Keywords: coffee; continuous cropping obstacle; heterologous double-root; root separation and cultivation; seedling quality
DOI: 10.3969/j.issn.1000-2561.2024.02.012
连作障碍是世界性难题[1-3]。咖啡是我国热区重要的优势特色作物[4],由于其多年生生长特性,连作栽培后主栽品种中粒种咖啡表现出根系少、烂根、减产等明显的生长障碍,严重时甚至绝产、死亡[2, 5]。大粒种咖啡根系发达[4, 6],本课题组前期研究发现,在连作障碍下,较中粒种自根嫁接苗,以大粒种为砧木,中粒种为接穗的单砧种间嫁接苗的N、P、Ca、Mg吸收量分别增加67.29%、128.21%、101.64%、58.33%,地上部和根系干物质量分别增加38.79%和、86.25%,植株长势增强[5, 7];且单砧嫁接咖啡产量和咖啡豆绿原酸含量分别增加38.46%和40.30%[8],大粒种砧木表现出抗连作障碍优势。然而,咖啡连作障碍园重新定植咖啡后,植株需要3年 a才能挂果,清园重植经济损失大。因此,推广大粒种单砧嫁接苗用于缓解咖啡连作障碍的局限性大,应用价值大打折扣。

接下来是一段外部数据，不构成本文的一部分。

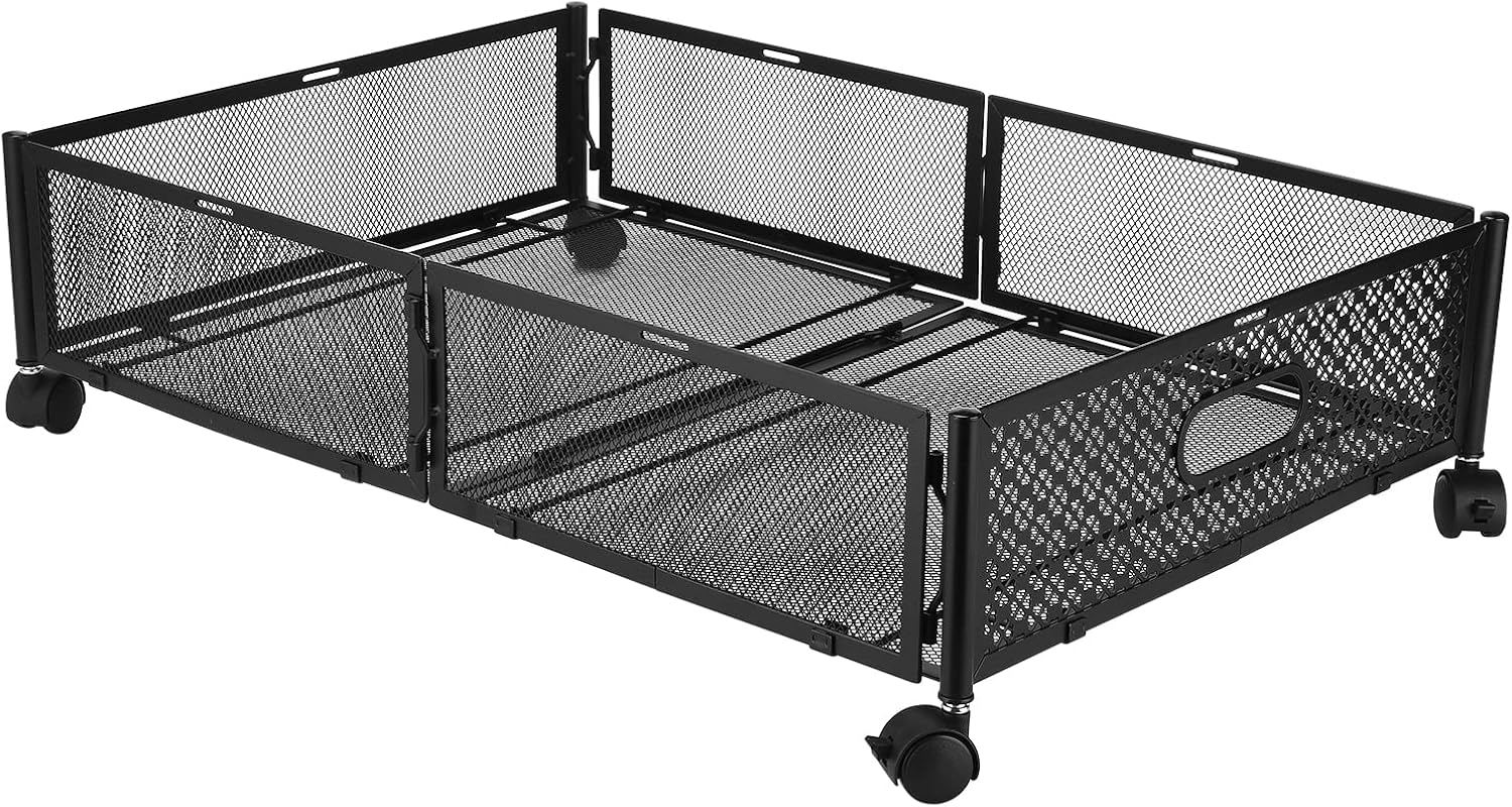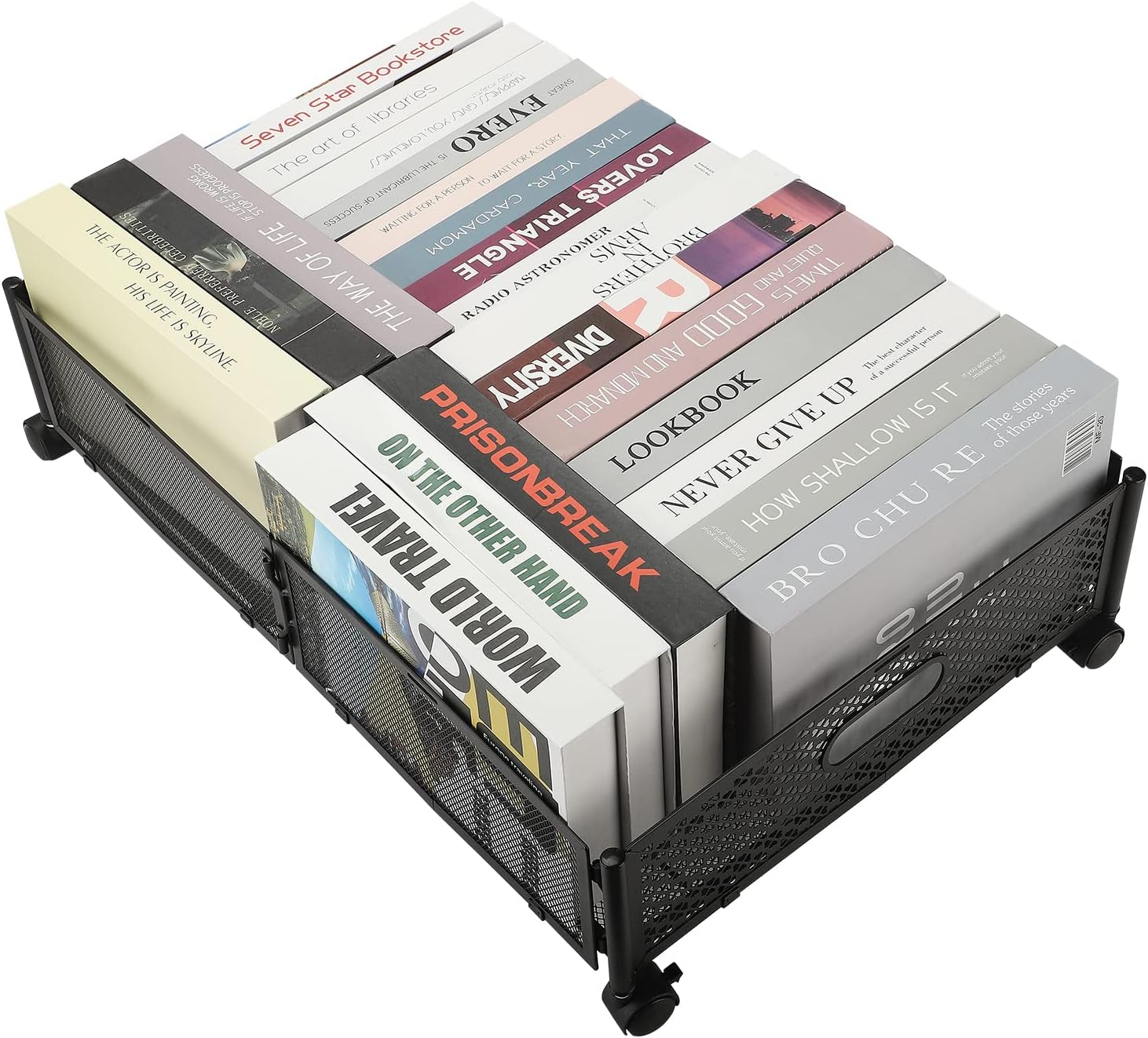 Feature:Specification:Features 1. Quality Metal Container: This under the bed storage container is completely made of metal compared with other under bed storage bins smaller net size of the shelf is used for a larger load-bearing capacity. 2. °Rotating Wheels: The added feature of wheels allows this under bed storager container to easily pull out for bedroom organization. Two of the 4 wheels can be locked by pushing the knob above it to fix the cart in position the elevated design shield stored items from and dirt and the carved floral pattern which makes you easily identify contents through the side frame even under the bed. 3. Tool-free & 1Minute Assembly Considering how complex assembly can be we simplified installation into just two simple steps. Just put the four wheels on the frame and then put the shelf onto it. The installation will be complete within one minute and no tools are required. 4. Foldable Design: As shown in the picture the underbed storage with wheels can be folded flat into ultra small size when not in use. Unfolded size 23.6 x 15.7 x 6.1 inch. 5. Wide Application: It's for seasonal under bed clothes storage under bed shoe storage bedding storage and more. Due to the rolling design it can also be used as under bed drawers on wheels. Specification Material: steel Color: Black Size: 60 x 40 x 15.5 cm Weight: 2000 g 4000 g Package Include: 1x Under Bed Storage or 2x Under Bed StoragePackage List:Package Include: 1x Under Bed Storage

进而尝试在连作障碍园的中粒种上直接靠接大粒种,发现大粒种-中粒种异源双根当年就能明显恢复植株长势,来年进入生产期。在咖啡连作障碍园的主栽中粒种上靠接一个大粒种根系,形成新的植株个体——异源双根咖啡,无疑为克服中粒种连作障碍、减少多年生作物更新换代经济损失、快速恢复生产提供新的思路。然而,各种作物通过嫁接缓解连作障碍的相关报道中,迄今仅局限在单砧单穗植株个体的研究上[9-10],对双根系植株鲜见报道。在咖啡生产中,虽有双根靠接缓解连作障碍的试验成效,但缓解机制并不清楚。基于砧-穗互作[11-12]、邻株根系互作[13-14]等均有可能影响植株生长,且大粒种、中粒种根际化感物质存在差异[15]等研究结论,那么在中粒种上靠接一个大粒种根系后,双根克服连作障碍是通過根-穗-根互作、双根间化感物质互作、双根系接触性互作中的哪些途径来实现的?双根是否有协同作用?目前尚不清楚。因此,本试验研究以大粒种咖啡1号和中粒种咖啡热研1号靠接形成大粒种-中粒种异源双根咖啡,通过咖啡连作障碍园土壤培养幼苗,评价植株苗木质量,明确异源双根对咖啡连作障碍的缓解作用。通过双根无分隔、尼龙网分隔、双盆分隔等不同分根方式试验,明确异源双根缓解咖啡连作障碍的可能机制,并探讨双根间在缓解连作障碍上的差异及协同作用,以期为开展定向调控,增强异源双根咖啡抗连作障碍能力并推广应用提供理论支持。
1 材料与方法
1.1 材料
大粒种咖啡1号(Caffea liberica, No. 1)和主栽品种中粒种咖啡热研1号(Caffea canephora, Reyan No. 1)的种子经沙床催芽,待子叶平展时选取长势一致的幼苗,进行大粒种与中粒种、中粒种与中粒种靠接,保证靠接口离地位置相同。成活后均保留双根系,以保证2个供试材料根系量大体一致。地上部选留一1条中粒种接穗,并在靠接口以上相同位置舌接热研1号高产无性系的直生枝,解绑后选取长势一致,健壮的6月龄大粒种-中粒种异源双根咖啡和中粒种-中粒种同源双根咖啡作为试验材料。
1.2 方法
1.2.1 试验设计 试验在中国热带农业科学院香饮香料饮料研究所人工气候室进行,以咖啡连作障碍园植株非根际土、根际土开展幼苗分根培养试验。试验包括设置6个处理:非根际土培养下,同源双根咖啡双根间无分隔(T1,常规培养盆,自然生长状态)、异源双根咖啡双根间无分隔(T2),以及根际土培养下,同源双根咖啡双根间无分隔(T3)、异源双根咖啡双根间无分隔(T4)、异源双根咖啡双根间尼龙网分隔(T5,阻隔根系,双根间仅根际化感物质能通过)、异源双根咖啡双根间双盆分隔(T6,双根被完全隔开,在土壤中无相互作用,双根间仅能通过根-穗-根互作产生联系),将幼苗移至装有5 kg土壤的营养钵中,淋足定根水,每个处理10盆,3次重复。土壤肥力特征见表1。培养过程中每隔2 d淋水1次,保持土壤湿润,控制荫蔽度50%、温度27 ℃左右,每隔90 d淋0.1%水溶肥(N-P-K:15-15-15)1次,浇灌量0.5 L/盆,其他管理按常规。培养1年 a后测定植株株高、茎粗,双根系分别取样,地上部茎、叶分别取样,测定生物量等生长指标。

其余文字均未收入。